メンズエステなどの風俗で月250万円を稼いだ「ユミ」は、それでも担当ホストの“エース”にはなれなかった。そんな彼女だが「ホストはコスパがいい」推し活だと断言する。使った分だけ“返ってくる”と感じる幸福の正体、締め日をめぐるエースの特権と序列のリアルとは。

各界隈の推し活を当事者取材で明らかにした『「推し」という病』(文春新書)より一部抜粋、再編集してお届けする。〈全3回のうち2回目〉

ホストはコスパがいい

「一番稼いだ月で、メンエスが100万、裏引きが100万、AV撮影が50万、みたいな感じですね」

月250万円。途方もない金額だ。

それでも彼女は、担当のエースではなかった。

「私は売れている人が好きだから、もともとエースになろうなんて思ったことはない。私がその時の担当に使っていた金額は100万ぐらいですけど、エースの子は毎月300万から400万円使ってました」

“裏引き”をしても月250万円が稼ぎの上限だった【ユミ】にとって、勝てる相手ではなかった。

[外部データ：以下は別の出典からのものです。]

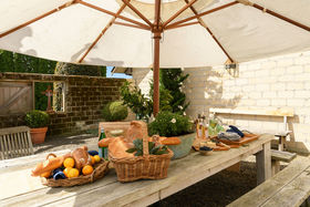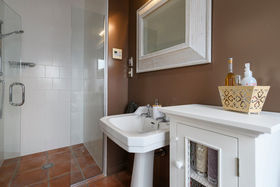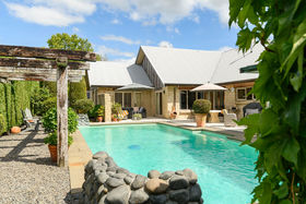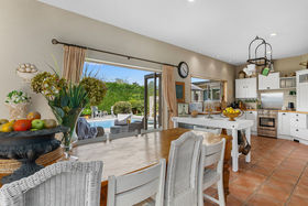 French country style is not at all avant-garde or untouchable - it's a warm and inviting. This is evident in the kitchen dining and family area, grouped together to share. Light-filled with terracotta tile flooring and generous proportions. Large windows and bifold doors, creating a bright and welcoming atmosphere. The space is thoughtfully designed for both relaxation and entertaining. Equipped with a closed wood fire and heat pump, choose from old-fashioned pleasure or modern convenience.
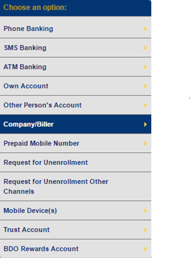 NOTE: If using the BDO Mobile App, please enroll first the Company/Biller via the BDO Online Banking website. DO NOT enroll the Company/Biller via the Mobile App as there is bug that is currently being fixed.
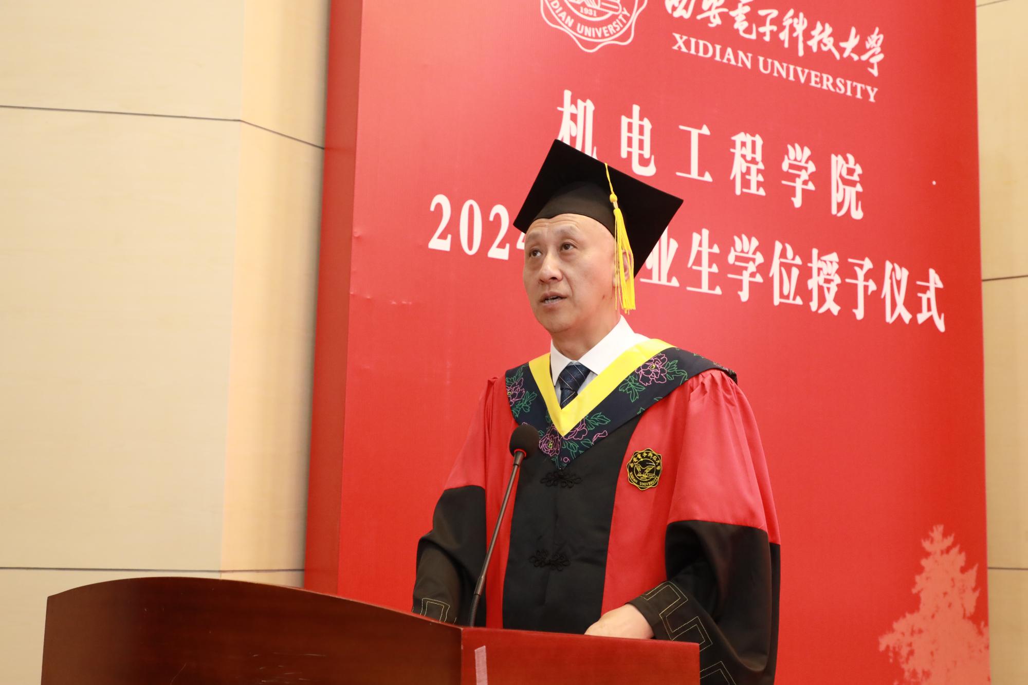 王泉在致辞中代表学校向2024届毕业生致以热烈的祝贺和美好的祝愿,向辛勤耕耘的老师和家长表示崇高的敬意和诚挚的感谢。他表示,非常高兴看到同学们如今斗志昂扬、蓄势待发的精气神及沉甸甸的成绩单,2024届学子用青春汗水铸就了成长的蜕变,用不懈的奋斗换来了丰硕的果实,展现出动人的青春风采,留下了永恒的西电印记。在同学们即将开启崭新人生之际,他对学院全体毕业生提出了三点希望:一是要以信仰之光乘风起航、挺膺担当,在理想照耀下赓续前行。希望同学们心系国家事,肩扛国家责,在祖国的广阔舞台上施展抱负、大展宏图,用脚步丈量祖国大地,让青春在全面建设社会主义现代化国家的伟大实践中磨砺出彩。二是要以创新之志挥桨破浪、踵事增华,在开拓进取中创造未来。创新是蕴含于西电校风中的内涵,更是每一位学子矢志不渝的追求。希望大家用学识才智赋能中国式现代化,奏响开拓创新的时代最强音。三是要以奋斗之姿把舵扬帆、奋楫笃行,在躬行实践中攻坚克难。所谓艰难方显勇毅,磨砺始得玉成。希望同学们能够以乐观豁达的心态面对实践中的艰难险阻,在考验磨砺中汲取经验,踔厉奋发,勇毅前行,以奋斗姿态谱写动人的青春乐章!
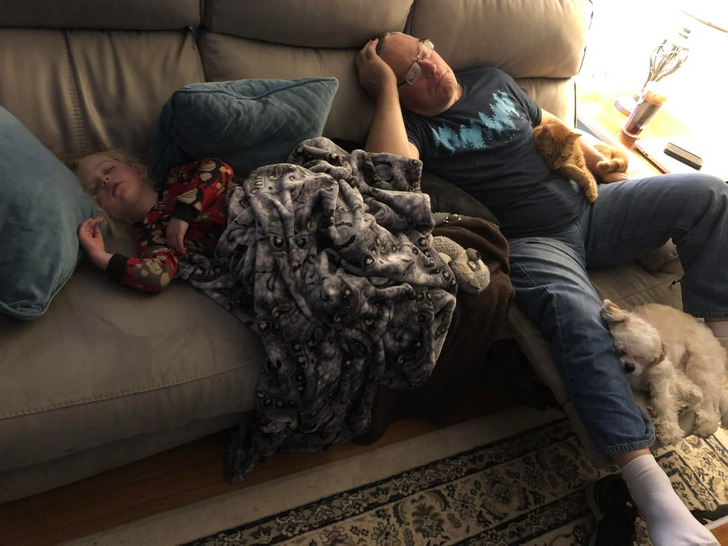 Asked my father to babysit his granddaughter during the day. I enter the room, and they are like this.
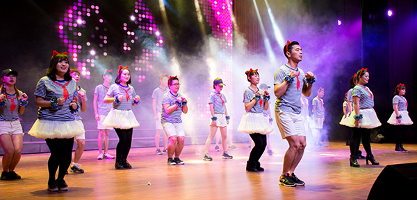 19点,在一片欢呼声中,开场舞《唱起来 跳起来》点燃了全场,拉开晚会序幕。我院行政职能部门、各教学单位的老师和大学生艺术团的同学,以及yl7703永利集团医学院、校外舞蹈俱乐部的嘉宾们,同台表演了大合唱《映山红》、拉丁舞《舞魅》、音乐情景剧《因为爱情》、古典舞《彩云追月》、汉舞《礼仪之邦》、街舞《舞蹈之王》、诗朗诵《长征》、傣族舞《彩云之南》、双人舞《默》、现代舞《大小姐 走吧》、歌曲《故乡有话告诉你》、情景剧《过河》、印度舞《神秘面纱》、歌伴舞《美丽中国》等节目,现场在欢乐气氛中一次又一次掀起了高潮。
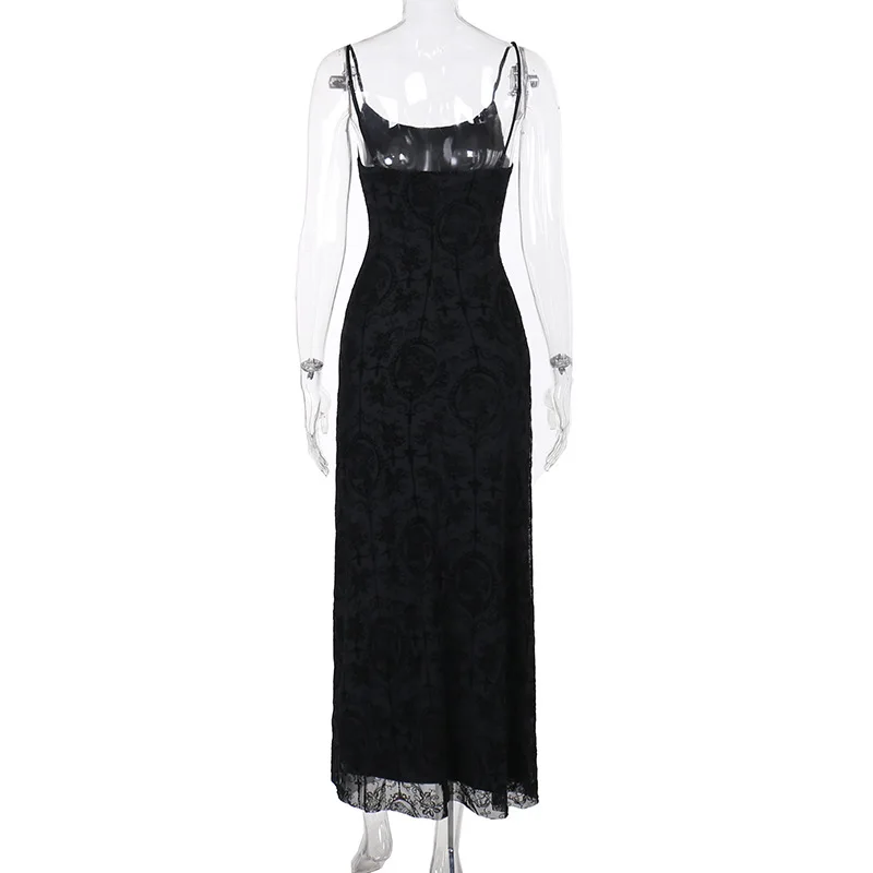 Goth Dark Cross Flocking Mall Gothic Aesthetic Dresses Grunge Punk Mesh Elegant Party Long Dress Sling Slim Sexy Emo Alt Outfits

「その子は締め日しかお店に来ないんです。あとはずっと地方の風俗に“鬼出勤”して出稼ぎ。1日から10日までは神戸にいて、11日からは九州にいて……みたいな感じ。それで29日か30日に帰ってきて、締め日にホストクラブに来て一晩で300万使って、そのあとは担当と一緒にマンションで過ごして、次の日からまた出稼ぎ」

想像を絶する激務だが、ホス狂いを自称する女性たちは金のためにそこまでするのだ。りりちゃんこと渡辺被告は、金のためにベトナム人男性と偽装結婚もしている。やれることはなんでもやるし、売れるものはなんでも売る。

「でもこの担当はマジでちゃんとしてて、エースの子が出稼ぎ行ってる間もマメに連絡とって、メンタル限界そうだなって思ったら出稼ぎ先にも来てくれてたんだって。やっぱり売れている人は、まず嫌なことをしない。いいことをいっぱいするよりは、嫌なことをしない人が売れると思う」

ホストクラブの締め日には、その月の売上が店内で発表され、その金額がホストのランキング(ナンバー)に反映される。そして、この発表を「担当の横で聞く」権利はエースの栄誉とされている。“ホス狂い”女性が「締め日に呼ばれた」と言えば、それは誇示的なマウンティングであり、「いっしょに発表を聞く」行為は大きなステータスだ。

なお、2025年6月28日から施行された改正風営法により、ランキング制度や「億超え」などの営業成績を示す文言は規制の対象となった。

「キャッシュバック」が一番幸せ

それにしても、締め日ともなれば、カブり客同士が店で鉢合わせたりはしないのだろうか。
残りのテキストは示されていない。